Typical though, when I try to do a good tee the ink went underneath again. I'm pretty sure it's caused being by too heavy handed when flooding?, problem is the stencil isn't always covered and when I go over it again to try and cover the stencil with ink there's too much elsewhere. Guessing there's a knack to getting good even floods too, without this problem?


----------



## PatWibble (Mar 7, 2014)

Stella Dave said:


> Thanks for all help, much appreciated. I've been out today and getting much better results using a few tips here. I raised off contact, used more angle and less pressure.
> Typical though, when I try to do a good tee the ink went underneath again. I'm pretty sure it's caused being by too heavy handed when flooding?, problem is the stencil isn't always covered and when I go over it again to try and cover the stencil with ink there's too much elsewhere. Guessing there's a knack to getting good even floods too, without this problem?


If the ink is too viscous then you will need to use too much pressure to flood.


----------



## StinkEye Dave (Jan 27, 2012)

PatWibble said:


> If the ink is too viscous then you will need to use too much pressure to flood.


Cheers Pat, definitely seems to be the case. I'll look into a curable reducer. All this small orders are costing a fortune in couriers!!
Thanks again.


----------



## StinkEye Dave (Jan 27, 2012)

I found tonight that if I flood with the squeegee nearly vertical I get a nice even thin layer!
Getting there, thanks again for help guys.
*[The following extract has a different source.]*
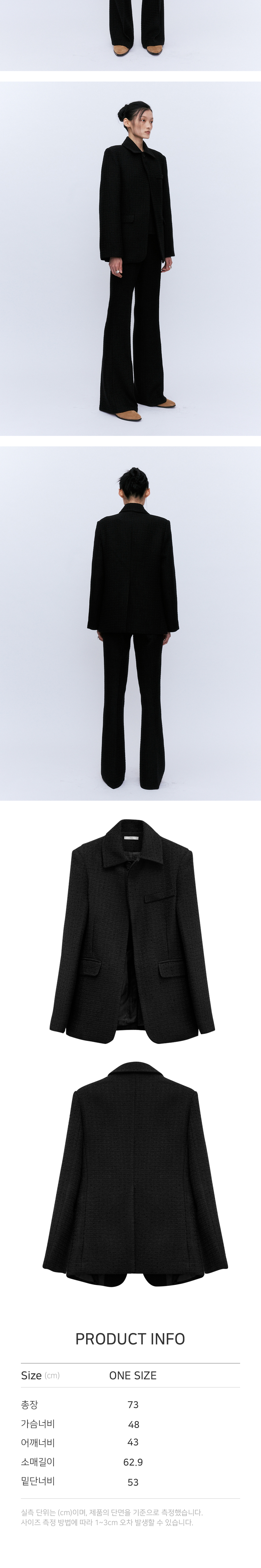 특수원단의 트웨이드 소재를 사용하여 디자인하였습니다. 원버튼의 포인트로 오픈했을때는 캐주얼하며 단추를 채우면 또다른 분위기를 연출할수 있습니다. 기존의 트웨이드 자켓과 다른 현대적이며 웨어러블한 구성으로 디자인하였습니다. 고급스러운 무드의 디자인으로 청바지나 진에도 잘 어울리며 트웨이드 펜츠와 함께 셋업으로 입었을때 드레스업 되는 디자인입니다.

Don't know where I'd be without this forum!


----------



## StinkEye Dave (Jan 27, 2012)

Any tips on what to do when your flood doesn't completely cover stencil?? I see catspit in a video just going over and over till it's covered but if I do that I get the problem as before of too much ink going into the stencil! Curable reducer again??
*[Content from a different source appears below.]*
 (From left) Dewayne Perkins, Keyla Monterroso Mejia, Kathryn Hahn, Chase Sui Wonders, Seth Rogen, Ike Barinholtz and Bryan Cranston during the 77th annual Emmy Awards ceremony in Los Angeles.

Also, when I remove my tees from platen my straight line print is going bit wonky with the way the fabric wants to sit. Is it just a case of pulling it off as straight as possible? I always try and put it on as straight as possible so that's not the problem.


----------



## OneTrickPony (Oct 16, 2013)

Add more ink to cover stencil and practise lining up shirts maybe flash before removing I dont know plastisol so probably discard my advice


----------



## vanmaninc (Jun 5, 2012)

I know its a old post lol but.. 

From my experience you not putting enough ink on that's why you getting gaps on the flood. Rather put over enough on you can always scoop it back into a recycle pot to use next time

as for the smudge edges that's a pressure thing.

I built a 24 platten line table based on onetrickpony's

was printing with water base. No off contact. And pull strokes on the line table. The more you print the faster you'll get on a line table.


----------



## StinkEye Dave (Jan 27, 2012)

It's a very old thread, sorted a long time ago!


----------